Pocket of my newly inherited hand
And yet I still hold close the memory
Of my old glove well-oiled and supple
My first glove through the torn trembling
Web of whose frail amateur grasp
Had found slipped only in the bottom
Of my ninth birthday the tricky chance
Of my father his bad hop I never saw
Coming the carom of his sharp hit
Curving foul only to be lost in the crowd

Somewhere way away way out
Of my league way out of the country
Going going gone south of the border
Bye bye baby to play out
All his games against home

A KEENING GIFT: CHRISTMAS 1996

Keith Dudney, 10, as he was running to catch his schoolbus, was hit yesterday morning by a pickup truck on Highway 9. Keith died later at Carolinas Medical Center.

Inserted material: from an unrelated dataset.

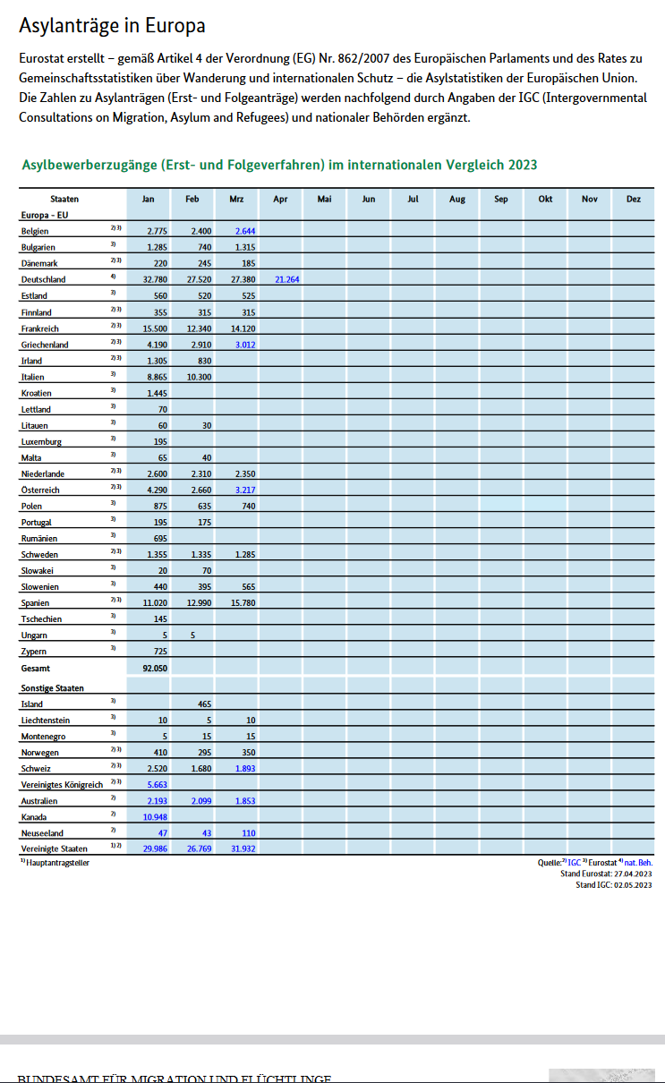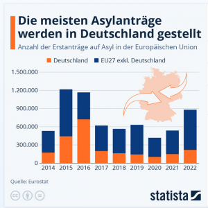 Die Gesamtzahl der in der EU gestellten Asyl-Erstanträge ist 2022 gegenüber dem Vorjahr deutlich gestiegen, von 389.180 auf 663.485 – das entspricht einem Anstieg von rund 64 Prozent. Davon entfielen 217.735 Anträge auf Deutschland (entspricht einem Anteil von rund 25 Prozent), gefolgt von Frankreich (137.510 Anträge) und Spanien (116.135 Anträge).

Charlotte Observer, December 12, 1996

“What child is this…” this young Master
who clipped and roughly unharnessed
from breath was sent to tumble
from waiting and rush to see kingdom come
found lost in the last chance for this Christmas
with his present wrapped and his timeless
just reward received on the blacktop
stillness of Advent’s humbling dark

“What child is this…” who, “…in a flash…”
at a trumpet crash…” is, “all at once
what Christ is…” struck down
by a pickup as he crossed the road too soon
taken and all the difference made trying
to catch his school bus on the outskirts
of Lancaster’s Red Christmas Rose City

“What child is this…” who flew
across the center line flew
“…Between the idea
And the reality
Between the motion
And the act…” flew
like the substance of a shadow
on the accidents of morning’s
broken wings falling between
Advent and The Nativity
and making no bones about it
as It Came Upon A Midnight Clear
we must wake and, “…feel the fell
of dark not day…”

A child has died
The Child is born
and the one who is not God
now lies boxed and hidden for Good
beneath and above all the angel-crowned
Christmas trees of this world
this child Keith now lies in truth
a keening gift among the gifts kept
of all the other long children
of Christmas mourning Light

And if you listen this Holy Night
you will witness their shut children’s choir
open with sweeter unheard melodies
in a rising carol’s slow rolling power
the music not small not small but far away
like The Star of Bethlehem lighting with Dylan’s
insight the long cold coming to the birth
of grief’s wisdom in the shaken hearts
of every child-lost father and mother
“After the first death there is no other.”